◆ **Work item**
Exactly the lines from the start of the data below through the line that contains "此次展出的深海采矿智能作业与" are to be copied, with pictures left out.

━━━━━━

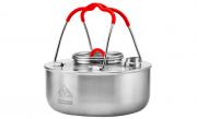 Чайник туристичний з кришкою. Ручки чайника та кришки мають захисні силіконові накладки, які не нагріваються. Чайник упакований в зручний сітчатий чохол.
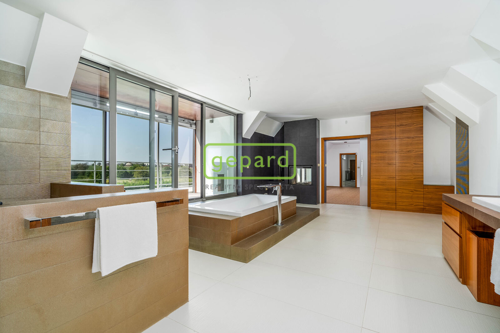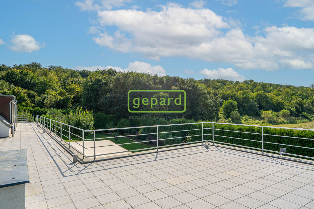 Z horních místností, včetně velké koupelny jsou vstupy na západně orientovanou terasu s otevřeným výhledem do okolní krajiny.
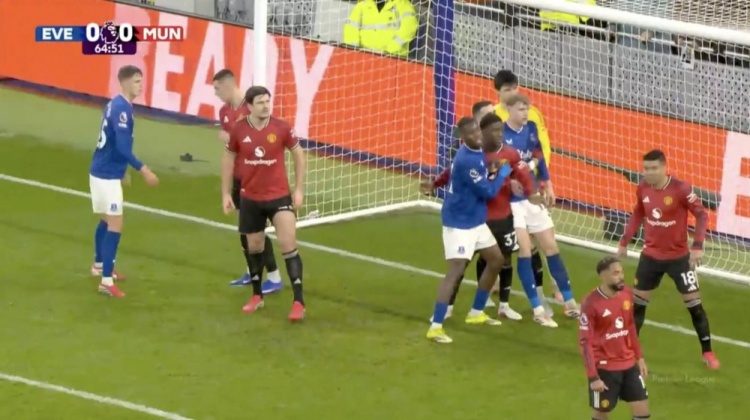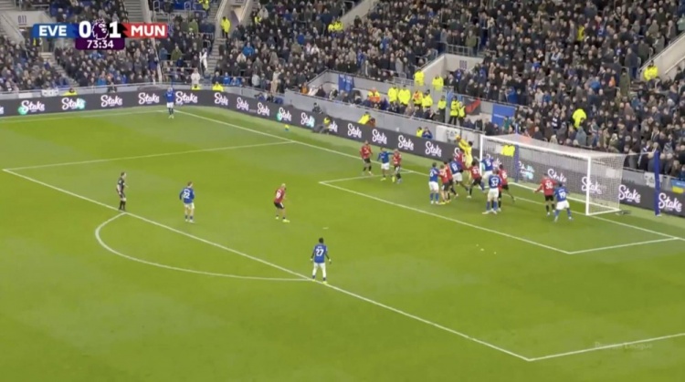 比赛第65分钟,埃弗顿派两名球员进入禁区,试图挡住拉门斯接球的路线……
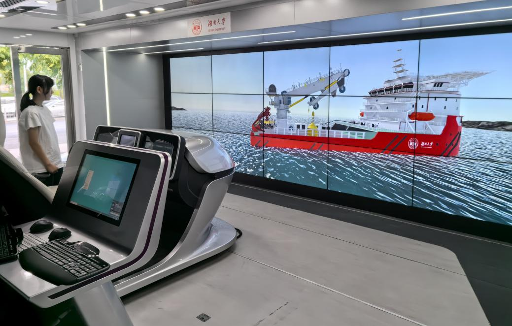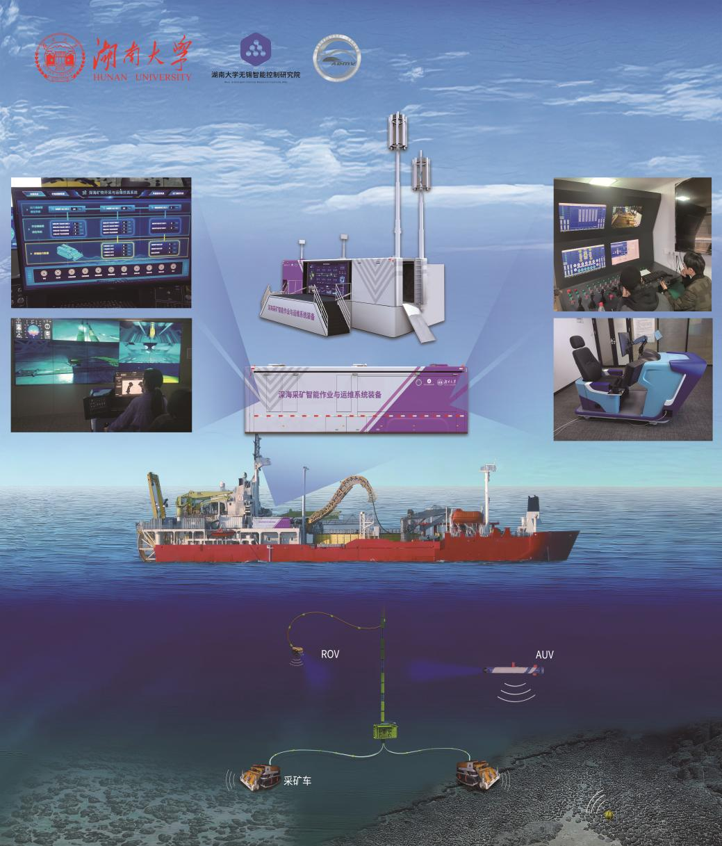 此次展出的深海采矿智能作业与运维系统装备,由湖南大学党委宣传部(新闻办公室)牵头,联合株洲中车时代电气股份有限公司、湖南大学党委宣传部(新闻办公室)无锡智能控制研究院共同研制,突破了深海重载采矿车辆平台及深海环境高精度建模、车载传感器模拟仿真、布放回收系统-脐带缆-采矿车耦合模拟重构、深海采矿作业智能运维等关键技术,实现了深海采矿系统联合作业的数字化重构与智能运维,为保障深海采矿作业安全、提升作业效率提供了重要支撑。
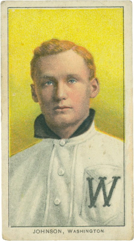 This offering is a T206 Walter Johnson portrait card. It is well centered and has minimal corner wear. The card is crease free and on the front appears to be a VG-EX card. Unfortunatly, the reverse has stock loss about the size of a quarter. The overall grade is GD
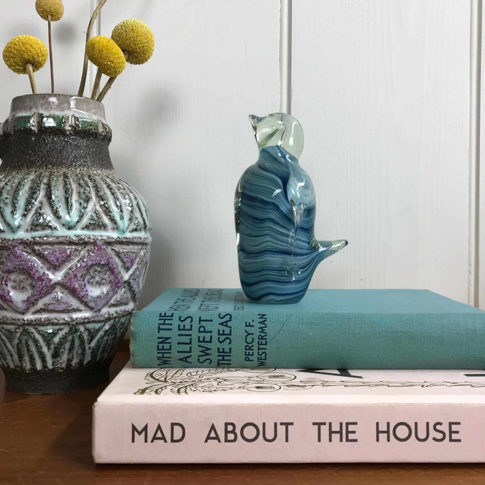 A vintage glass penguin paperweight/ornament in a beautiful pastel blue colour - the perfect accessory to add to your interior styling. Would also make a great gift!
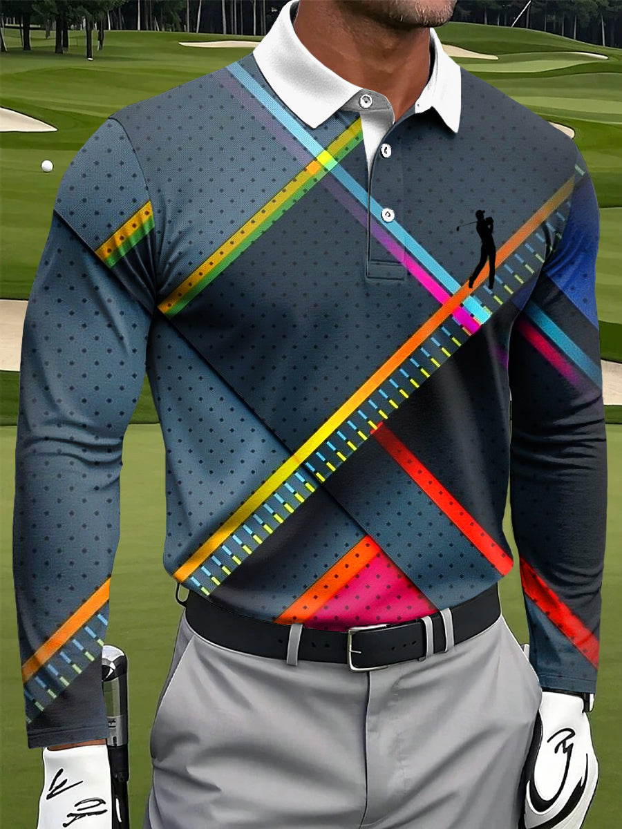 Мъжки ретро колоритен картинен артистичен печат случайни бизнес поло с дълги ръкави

━━━━━━

◆ **Task solution**
 Чайник туристичний з кришкою. Ручки чайника та кришки мають захисні силіконові накладки, які не нагріваються. Чайник упакований в зручний сітчатий чохол.
 Z horních místností, včetně velké koupelny jsou vstupy na západně orientovanou terasu s otevřeným výhledem do okolní krajiny.
 比赛第65分钟,埃弗顿派两名球员进入禁区,试图挡住拉门斯接球的路线……
 此次展出的深海采矿智能作业与运维系统装备,由湖南大学党委宣传部(新闻办公室)牵头,联合株洲中车时代电气股份有限公司、湖南大学党委宣传部(新闻办公室)无锡智能控制研究院共同研制,突破了深海重载采矿车辆平台及深海环境高精度建模、车载传感器模拟仿真、布放回收系统-脐带缆-采矿车耦合模拟重构、深海采矿作业智能运维等关键技术,实现了深海采矿系统联合作业的数字化重构与智能运维,为保障深海采矿作业安全、提升作业效率提供了重要支撑。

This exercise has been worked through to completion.